The U.S. Supreme Court ruled today that a debtor in bankruptcy is not allowed to take a deduction on the so-called means test for ownership costs for a vehicle, unless they are actually buying or leasing a vehicle. What does this mean?

If your income is over the median income for your state, and you file a Chapter 13 bankruptcy, and you own your cars or trucks outright, you may have to pay more to your unsecured creditors than you would have otherwise. By implication, if the same reasoning applies to Chapter 7, then you may be less likely to qualify for Chapter 7 bankruptcy relief, if your vehicles are paid off.

Mr. Ransom deducted $471 per month for "ownership" costs under the B22C form or means test in his case, and FIA Card Services objected. The Bankruptcy Court denied confirmation or approval of the plan, and the appeals court agreed and affirmed the denial of the plan. The U.S. Supreme Court today agreed with the 9th Circuit Court of Appeals and denied confirmation of the plan.

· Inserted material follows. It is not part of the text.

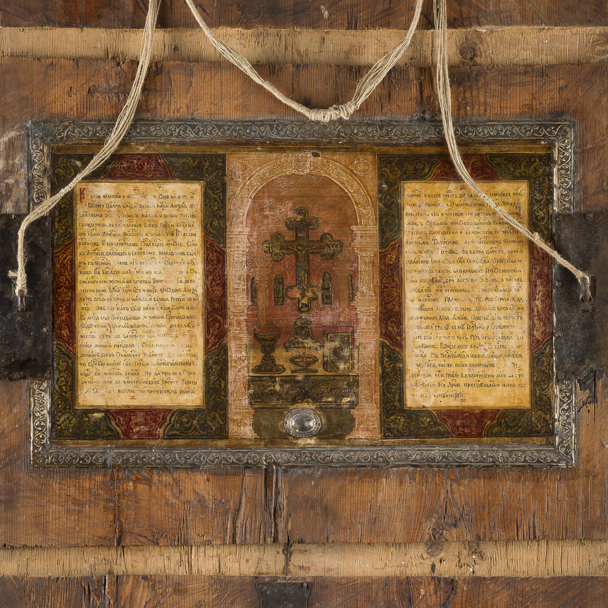Verbund zweier Bretter mit zwei Rückseiten-Sponki | Kowtscheg, Leinwand, Eitempera auf Kreidegrund | Vergoldung | 89,3 x 57,9 cm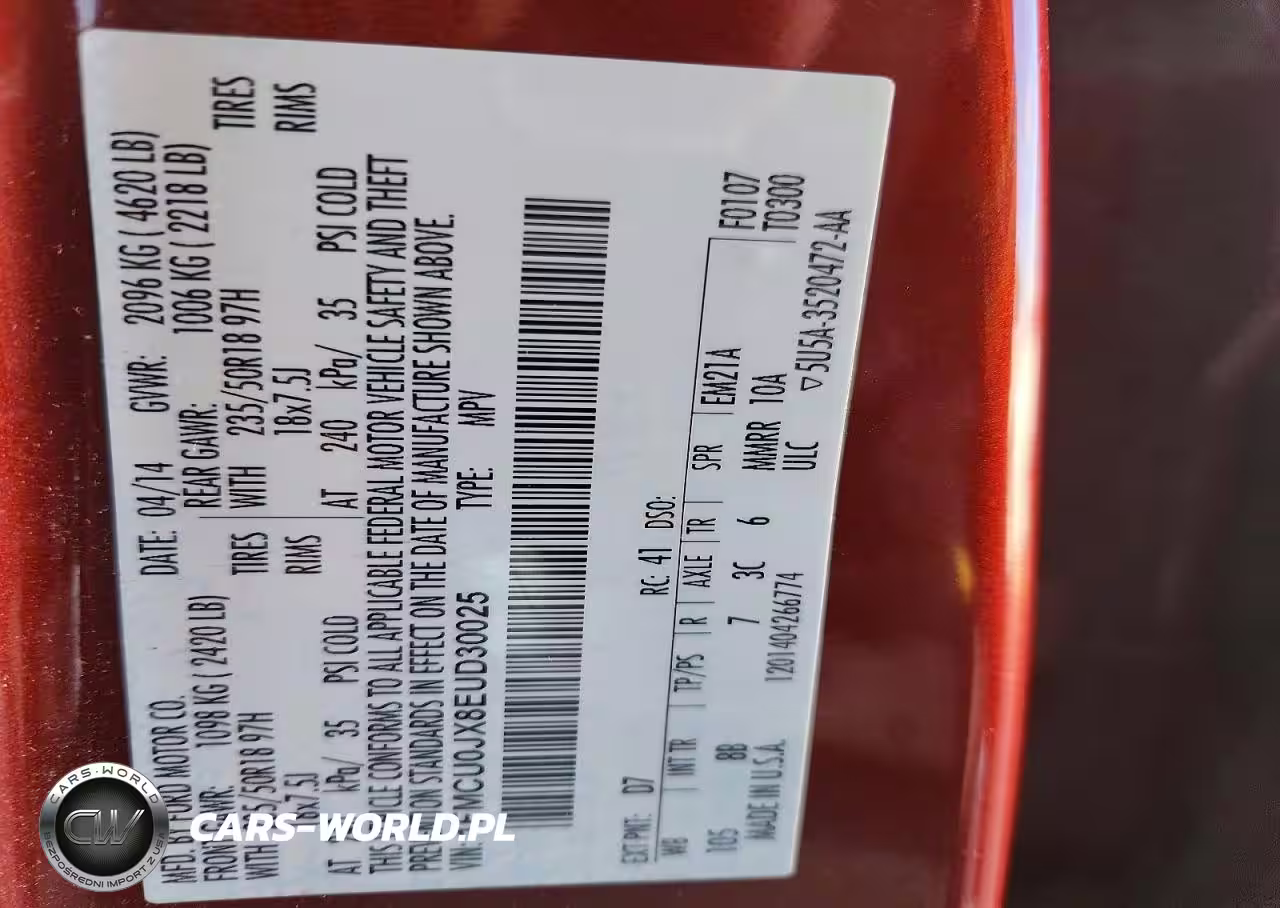 Copart Nr: C-46182996 VIN: 1FMCU0JX8EUD30025 Port: Indianapolis, IN

So, it is not the end of the world, but the Ransom decision today makes the means test a little meaner. Under the law here in the 5th Circuit before Ransom, we were allowed to deduct an additional $471 per month of ownership expense for a first car, and $332 for a second car, even if they were paid for. If a debtor's vehicles are paid for, it will mean a higher chapter 13 plan payment for future cases, and if this same reasoning is extended to chapter 7, which I'm sure it will be, it may be considerably harder for people to qualify for chapter 7, unless they have loans or leases on their vehicles.